At the time, Maureen Tallon thought it was the cruelest day of her life -- the day she found out that she probably never could bear children.

Today, Tallon said, the news was a blessing in disguise. It brought 9-month-old Tara Fei into her life -- all the way from Hefei, China.

Their delight over Tara, who soon will be 4, inspired Tallon and her husband, Ken Knoblock, to "raise awareness of the joys of adoption" by opening Children of the World, a Westborough shop that caters to adoptive and multiethnic families.

"If someone had told me then that day would be the best day of my life, I would have said they were crazy," said Tallon, 46. "But it was, and I wanted to spread the word that adoption is not a compromise."

The idea for the store came to Tallon in a predawn epiphany, causing her to sit bolt upright in bed. In most department stores, she found, the dolls were Caucasian, usually blond and blue-eyed. She envisioned a store with dolls that looked like Tara Fei and like children born in Russia, Korea, Guatemala, and other nations, a store that would foster appreciation of world cultures and help children adopted from abroad connect with their native heritage.

"The idea is that children grow up feeling grounded, that they didn't just drop out of space into the US," said Knoblock, 47. "So that they have their own story."

Chinese music wafted through the air one day last week, as shoppers perused Ukrainian cookbooks, Persian love stories, Peruvian drums, Chinese rice paper umbrellas, Russian nesting dolls, and bead bracelets from India. Clocks on the wall gave the time in Boston, Moscow, Beijing, New Delhi, and Mexico City.

Tracey Carter, a teacher at a Unitarian Church in Hopedale, stopped in to buy a "world playground activity set" for a unit on multiculturalism.

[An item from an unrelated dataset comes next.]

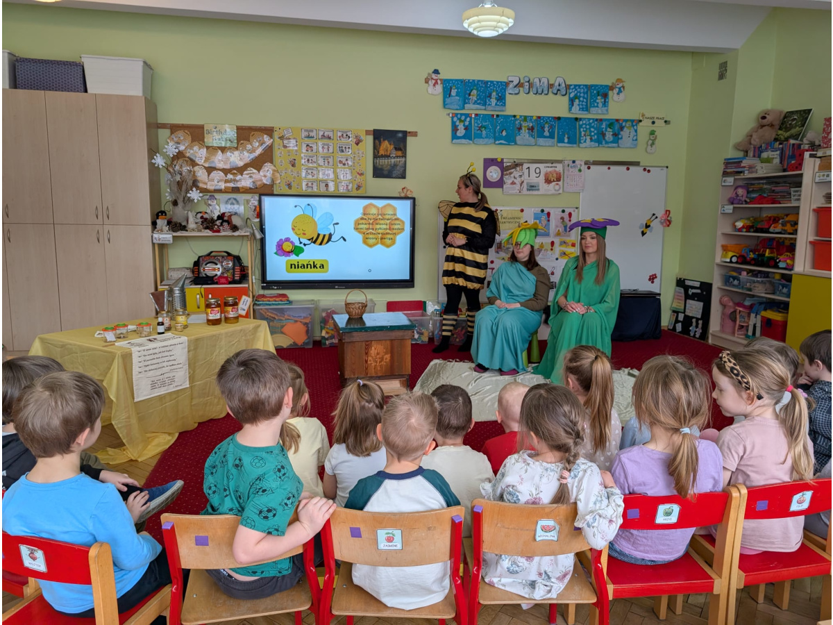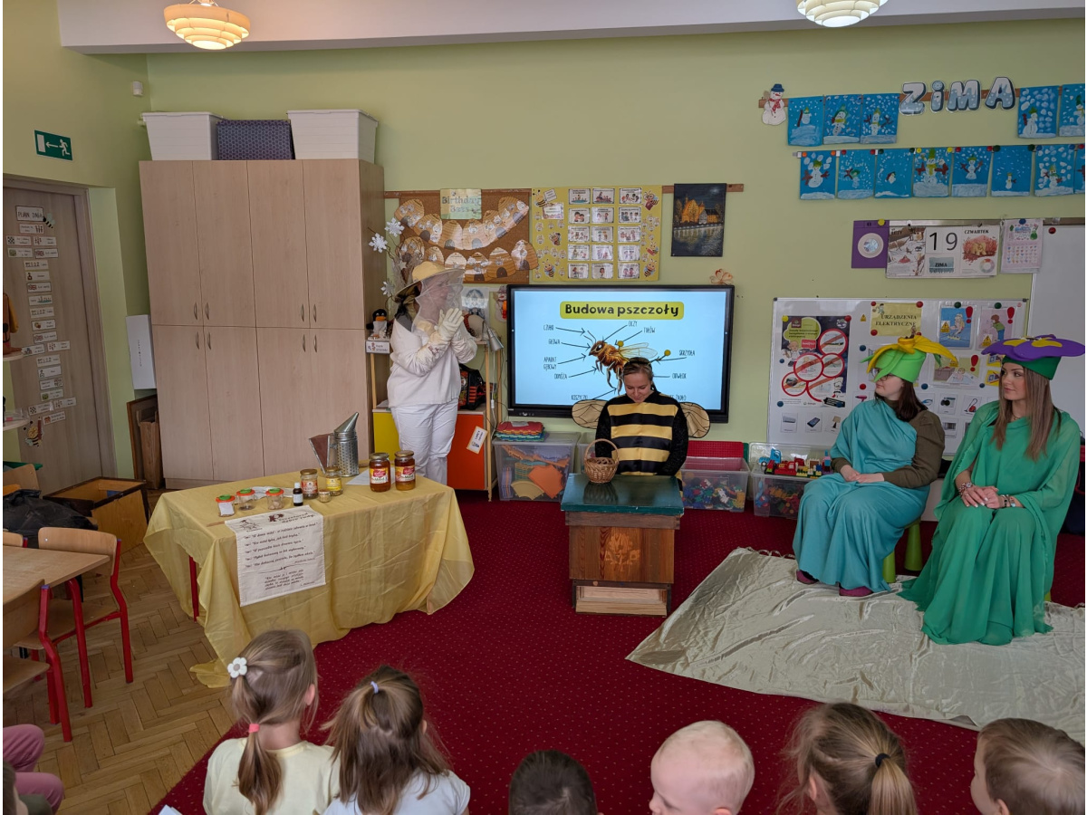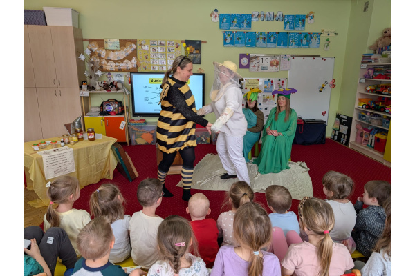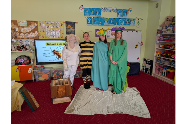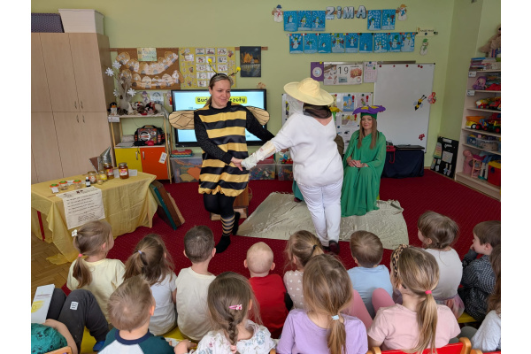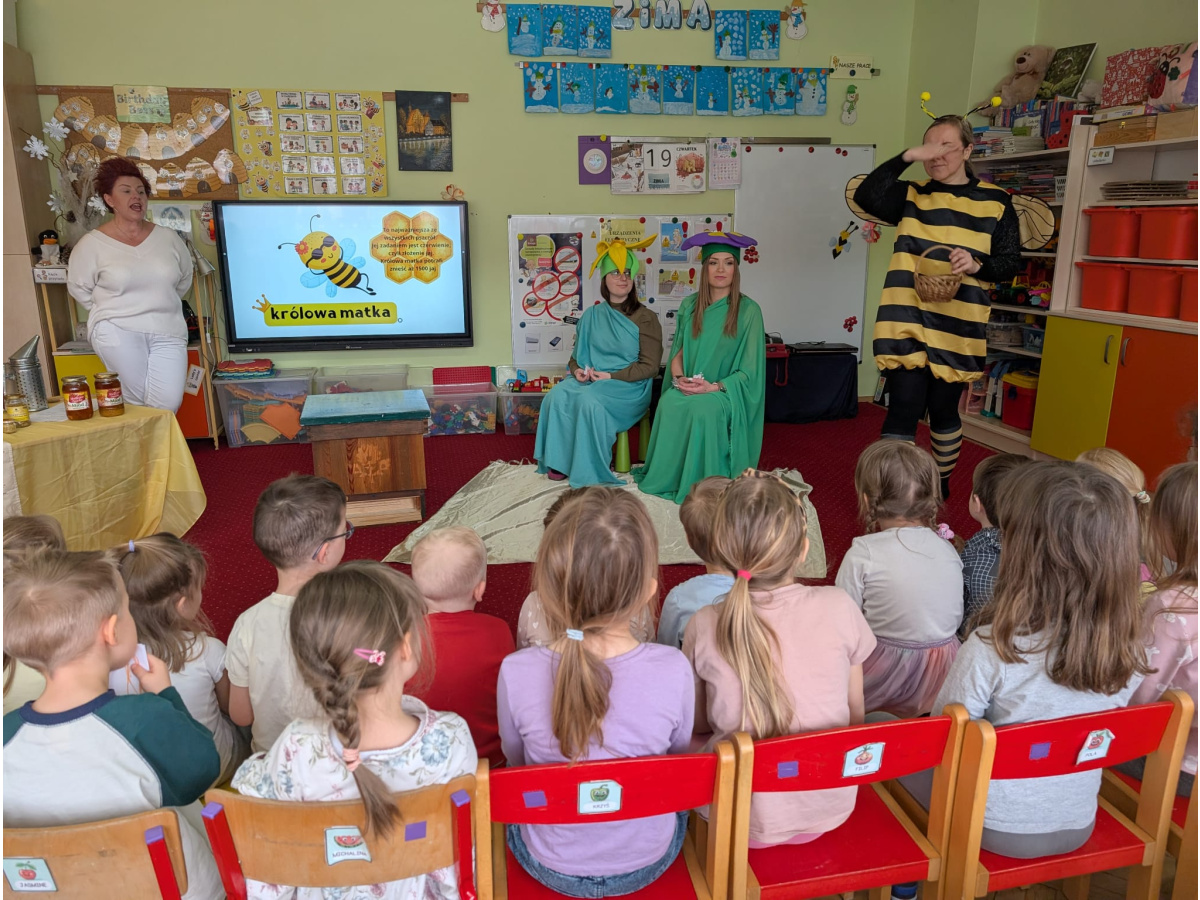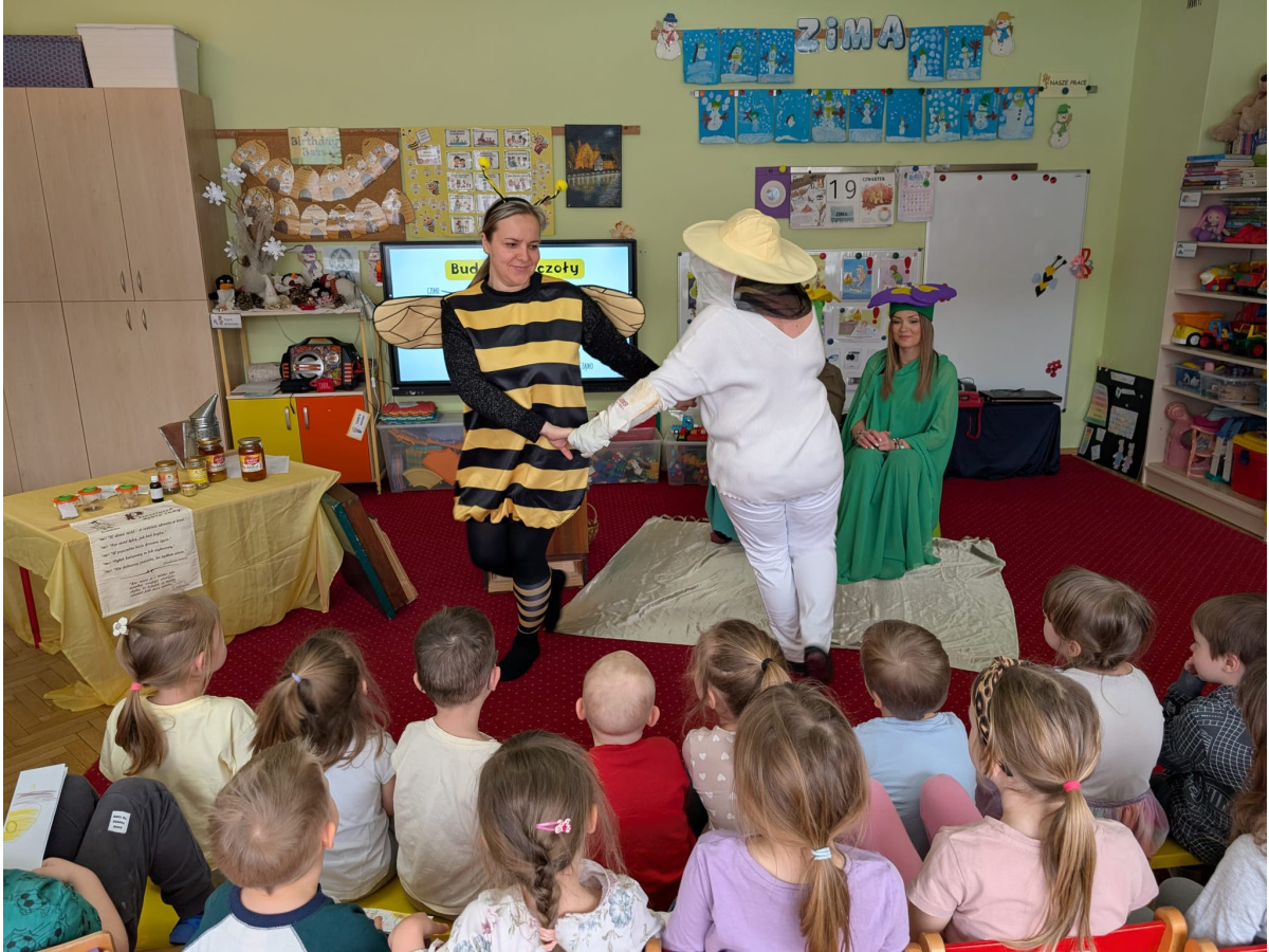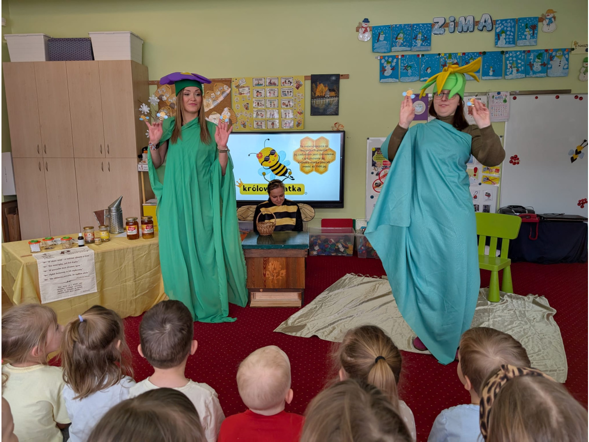 Grupa Pszczółek i Biedronek miała także okazję obejrzeć krótkie przedstawienie pt. „Pszczółka Bzyczka i Pan Miodek” w wykonaniu Pani Marty, Pani Justyny, Ms. Hani oraz Ms. Natalii. Spektakl w ciekawy i przystępny sposób pokazał dzieciom drogę od nektaru do słodkiego miodku. Towarzysząca przedstawieniu prezentacja multimedialna przybliżyła budowę pszczoły oraz mieszkańców ula.

Finding educational materials about certain foreign countries is often difficult, Carter said.

New customers at Children of the World often delight in finding that their frustrating searches for books or toys from their child's homeland are over. A Chinese-Korean couple who discovered the store "just about went crazy" and hugged them when they left, Tallon and Knoblock said.

Amy LaBarge, 36, of Leominster, called the store "a wonderful resource" for parents teaching their adopted child about the heritage of his or her homeland. LaBarge adopted her son Tuan, 3, from Vietnam when he was 5 months old and is scheduled to travel to China in a few weeks to adopt a second child, Liu. She will bring her one of the store's most popular items, a Chinese doll that speaks English and Chinese.

Vicki Peterson, executive director of Wide Horizons for Children, a Waltham nonprofit adoption agency, said such items serve as excellent "jumping off points" to acquaint adopted children with their homelands. Peterson's group sponsors events for adoptive families, such as a Chinese Children's Day, a Latin American celebration, and a Korean Harvest festival that draws 1,000 people.

Adam Pertman, a former Boston Globe reporter who now directs the Evan B. Donaldson Adoption Institute, said research and experience have shown that adopted children have a healthier self-image if they "know who they are and where they came from." While past generations tended to treat adopted children as "blank slates," today more adoptive parents are raising their children to appreciate their original culture, said Pertman, the author of "Adoption Nation."

Children of the World almost did not get past the planning stage. As with most ideas, there were a "million reasons not to do it," Tallon recalled. But when Knoblock was laid off from his software consulting job, the couple decided to give it a go.

A year later, last April, the store opened in the town center. While sales were sluggish at first, the store is now breaking even, the owners say, and has gained a following, especially among teachers seeking multicultural materials for classes, immigrants, and a close-knit adoption community.

In addition to a rising number of international adoptions, the store also benefits from the expanding ethnic diversity in Westborough and surrounding towns. From 1990 to 2000, Westborough's foreign-born population surged to 14 percent of its nearly 18,000 residents. In nearby Marlborough, 16 percent of the population is foreign-born; in Hudson, 15 percent. The bulk of new arrivals come from Brazil, with substantial numbers hailing from India, Pakistan, and several Far Eastern and Latin American nations, according to the 2000 Census.

Yet Tallon and Knoblock hasten to point out that the store offers more than niche appeal.

"Everyone's from someplace," Knoblock said. "Everyone has a certain pride in their heritage and wants to pass it along to their children."